# roofing in San-Francisco



## iamsole (Jul 23, 2011)

Hello!
Can anybody help me with a contacts of local roofers or just people who like height in SF? I'm used to explore roofs in my home city, but I'm just moved in here and want to try this new experience.


----------



## Miss Caphat (Jul 24, 2011)

um......what?


----------



## Corax (Jul 24, 2011)

Meet me at the main entrance to Miraloma Park at 20:00 and I'll show you some of the best routes.


----------



## Maggot (Jul 24, 2011)

iamsole said:


> Hello!
> Can anybody help me with a contacts of local roofers or just people who like height in SF? I'm used to explore roofs in my home city, but I'm just moved in here and want to try this new experience.


 
Spiderman?


----------



## pogofish (Jul 26, 2011)

So I take it th OP ain't looking for repairs then?


----------



## machine cat (Jul 26, 2011)

lol


----------



## fractionMan (Jul 26, 2011)

Try running around the town end of haight street.  The extra added gunshots make for an excellent obstacle course.


----------



## iamsole (Jul 28, 2011)

usually roofing is an activity that connected with running over the high roofs in order to catch a nice view. In the cities without mountains it makes sense.


----------



## Corax (Jul 28, 2011)

Bless your cotton socks iamsole.  Thanks for the message, but I'm several hundred miles away buddy.  I was doing what over here we call 'taking the piddle'.

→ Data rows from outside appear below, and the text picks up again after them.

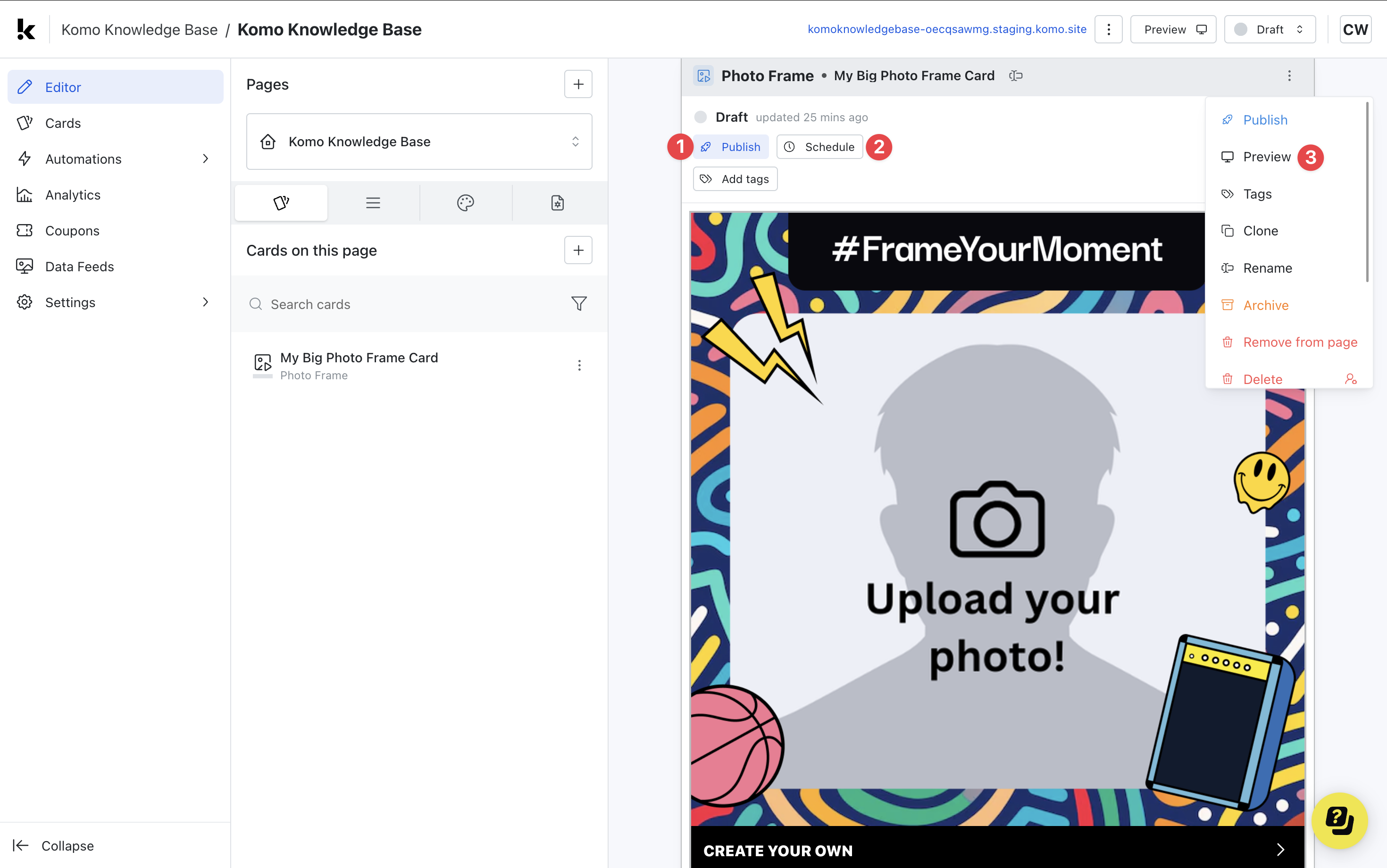 - (3) Click on … to Preview and interact with the card on the front end from a user’s perspective before publishing it. See how to test your card here.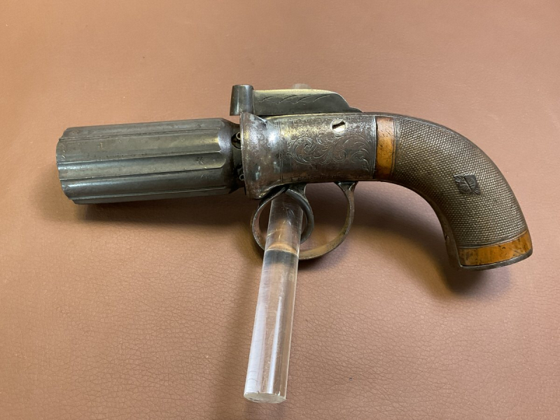 zum Verkauf steht ein originaler Bündelrevolver aus Frankreich im Kaliber .33 -deutliche Alters und Gebrauchsspuren -6 Schusstrommel -DA Abzugssystem -Lauf innen mit leichten punktuellen Roststellen -Lauftiefe 6cm -Gesamtlänge 20cm Achtung EWB erforderlich! Die Bilder sind Teil der Beschreibung Verkauf außerhalb von Deutschland nur nach vorheriger Absprache an zertifizierte Händler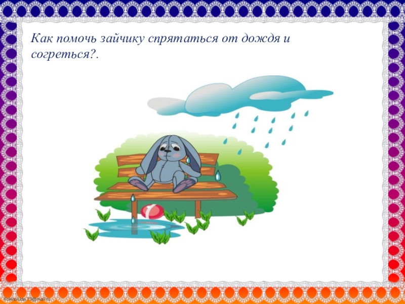 Слайд 12Как помочь зайчику спрятаться от дождя и согреться?.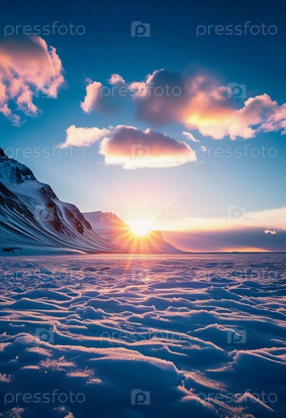 Спокойный арктический ландшафт тундры покрыт морозом при восходе солнца, излучая золотистый свет над ледяной местностью и освещая тонкие образования льда

Sounds fun though, so all the best and I hope you find a suitably jumpy mentor.


----------



## iamsole (Jul 29, 2011)

hmm..never seen such a reaction to desire to see a city from a skyscraper. Usually I associated roofing with something romantically utopian, like a mixture of urban scenery and nice natural sunset. It seems that here, in the US, it is connected more with a suicidal freaks


----------



## Corax (Jul 30, 2011)

Your confusion is endearing.  You should stick around and talk politics with Butchersapron.


----------